Such a copolymer comprising a vinyl carboxylic acid ester compound and an organosiloxane compound as component (C) can be produced by a conventionally known method such as anionic polymerization or radical polymerization. For example, an AB block copolymer can be produced by subjecting a vinyl carboxylic acid ester compound to living anion polymerization and then anionic polymerization of hexaorganocyclotrisiloxane. Further, (AB) n block copolymer can be produced by radical polymerization of a polyorganosiloxane macroinitiator having a radical reaction initiating group at the molecular end and a vinyl carboxylic acid ester compound.
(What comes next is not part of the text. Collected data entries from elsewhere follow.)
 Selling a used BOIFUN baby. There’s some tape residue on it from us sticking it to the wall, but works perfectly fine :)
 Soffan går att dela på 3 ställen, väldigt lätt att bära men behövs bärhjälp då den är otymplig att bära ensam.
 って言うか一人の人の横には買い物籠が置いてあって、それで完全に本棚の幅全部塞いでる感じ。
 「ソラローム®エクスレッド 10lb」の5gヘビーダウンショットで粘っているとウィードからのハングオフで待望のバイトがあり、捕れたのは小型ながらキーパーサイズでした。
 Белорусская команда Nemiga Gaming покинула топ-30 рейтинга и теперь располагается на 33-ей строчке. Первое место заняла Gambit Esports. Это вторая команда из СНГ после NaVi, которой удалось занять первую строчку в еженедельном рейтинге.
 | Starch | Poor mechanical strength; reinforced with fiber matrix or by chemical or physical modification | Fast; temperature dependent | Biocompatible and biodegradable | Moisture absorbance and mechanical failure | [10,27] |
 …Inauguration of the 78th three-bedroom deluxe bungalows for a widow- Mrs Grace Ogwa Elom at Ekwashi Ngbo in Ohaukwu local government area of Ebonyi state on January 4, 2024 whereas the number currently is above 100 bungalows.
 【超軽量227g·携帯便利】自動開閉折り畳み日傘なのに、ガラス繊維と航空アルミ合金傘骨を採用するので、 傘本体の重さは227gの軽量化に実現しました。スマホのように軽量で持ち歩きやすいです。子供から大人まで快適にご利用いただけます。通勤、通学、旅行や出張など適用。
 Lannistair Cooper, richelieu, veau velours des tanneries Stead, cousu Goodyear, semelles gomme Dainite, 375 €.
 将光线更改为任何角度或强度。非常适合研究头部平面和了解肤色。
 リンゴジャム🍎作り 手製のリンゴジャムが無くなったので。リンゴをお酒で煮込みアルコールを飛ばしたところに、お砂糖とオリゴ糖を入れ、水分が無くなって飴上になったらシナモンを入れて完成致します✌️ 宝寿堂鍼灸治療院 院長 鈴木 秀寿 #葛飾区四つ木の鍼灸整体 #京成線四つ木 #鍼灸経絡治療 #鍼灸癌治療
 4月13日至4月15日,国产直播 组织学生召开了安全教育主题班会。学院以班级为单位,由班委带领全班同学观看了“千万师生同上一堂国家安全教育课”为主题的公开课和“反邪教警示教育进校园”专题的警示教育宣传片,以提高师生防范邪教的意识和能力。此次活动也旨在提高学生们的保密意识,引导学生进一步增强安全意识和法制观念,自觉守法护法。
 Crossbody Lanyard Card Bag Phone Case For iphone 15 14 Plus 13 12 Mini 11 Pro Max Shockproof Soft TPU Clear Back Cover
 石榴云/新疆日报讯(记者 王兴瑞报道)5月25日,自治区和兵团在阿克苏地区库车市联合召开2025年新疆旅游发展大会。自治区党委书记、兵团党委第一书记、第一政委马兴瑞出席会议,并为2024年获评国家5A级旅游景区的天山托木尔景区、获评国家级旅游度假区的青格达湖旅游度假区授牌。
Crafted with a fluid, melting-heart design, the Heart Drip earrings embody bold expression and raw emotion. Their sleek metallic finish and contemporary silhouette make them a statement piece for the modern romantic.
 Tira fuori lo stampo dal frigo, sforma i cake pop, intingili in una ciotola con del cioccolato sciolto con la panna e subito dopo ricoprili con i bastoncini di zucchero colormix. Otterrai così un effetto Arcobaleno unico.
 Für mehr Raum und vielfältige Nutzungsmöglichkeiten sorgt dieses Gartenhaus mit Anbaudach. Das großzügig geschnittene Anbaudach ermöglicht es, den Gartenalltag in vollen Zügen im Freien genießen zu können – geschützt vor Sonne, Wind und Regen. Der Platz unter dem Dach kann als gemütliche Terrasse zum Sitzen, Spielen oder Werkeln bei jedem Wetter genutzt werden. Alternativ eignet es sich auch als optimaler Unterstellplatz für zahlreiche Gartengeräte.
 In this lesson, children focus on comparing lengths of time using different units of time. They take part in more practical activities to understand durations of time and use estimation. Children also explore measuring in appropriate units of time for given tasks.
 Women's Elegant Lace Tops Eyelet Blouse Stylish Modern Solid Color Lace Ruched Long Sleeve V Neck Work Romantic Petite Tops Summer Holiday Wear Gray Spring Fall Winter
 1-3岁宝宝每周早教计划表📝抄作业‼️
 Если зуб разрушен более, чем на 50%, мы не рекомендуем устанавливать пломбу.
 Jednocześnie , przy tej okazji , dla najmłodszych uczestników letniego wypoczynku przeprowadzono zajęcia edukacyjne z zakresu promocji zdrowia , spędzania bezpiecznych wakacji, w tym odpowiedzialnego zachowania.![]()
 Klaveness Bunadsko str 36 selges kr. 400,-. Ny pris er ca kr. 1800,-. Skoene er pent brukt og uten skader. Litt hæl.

Further, a vinyl carboxylic acid ester compound is obtained by radical polymerization of a vinyl carboxylic acid ester compound and a linear polyorganosiloxane macromonomer having at least one radical reactive unsaturated group in the molecule in the presence of a radical reaction catalyst. It is possible to produce a graft copolymer in which a block having a continuous skeleton is used as a main skeleton and a block in which organosiloxane units are continuous is branched. In addition, by radical polymerization of a polyorganosiloxane having a mercapto group in the side chain and a vinyl carboxylic acid ester compound in the presence of a radical reaction catalyst, a block in which organosiloxane units are continuous is the main skeleton, and the vinyl carboxylic acid ester compound is A graft copolymer in which continuous blocks are branched into branches can be produced.
[0012]
The amount of component (C) is 0.1 to 200 parts by weight per 100 parts by weight of the thermoplastic resin of component (A). This is because when the blending amount of the component (C) is less than 0.1 part by weight, the function of improving the compatibility between the thermoplastic resin of the component (A) and the polyorganosiloxane of the component (B) is not seen, If it exceeds 200 parts by weight, the mechanical strength of the thermoplastic resin composition is lowered.
[0013]
The thermoplastic resin composition of the present invention can be produced by uniformly mixing the components (A), (B) and (C). The apparatus used for the production can be produced using a conventionally known kneading apparatus such as a batch-type heating kneading apparatus or a continuous heating and mixing apparatus used for kneading general thermoplastic resins. Here, the blending order of the components (A), (B) and (C) is arbitrary, and the heating and kneading conditions may generally be the same as those in the case of melt kneading the thermoplastic resin of the component (A), A kneading time of several minutes or more is sufficient.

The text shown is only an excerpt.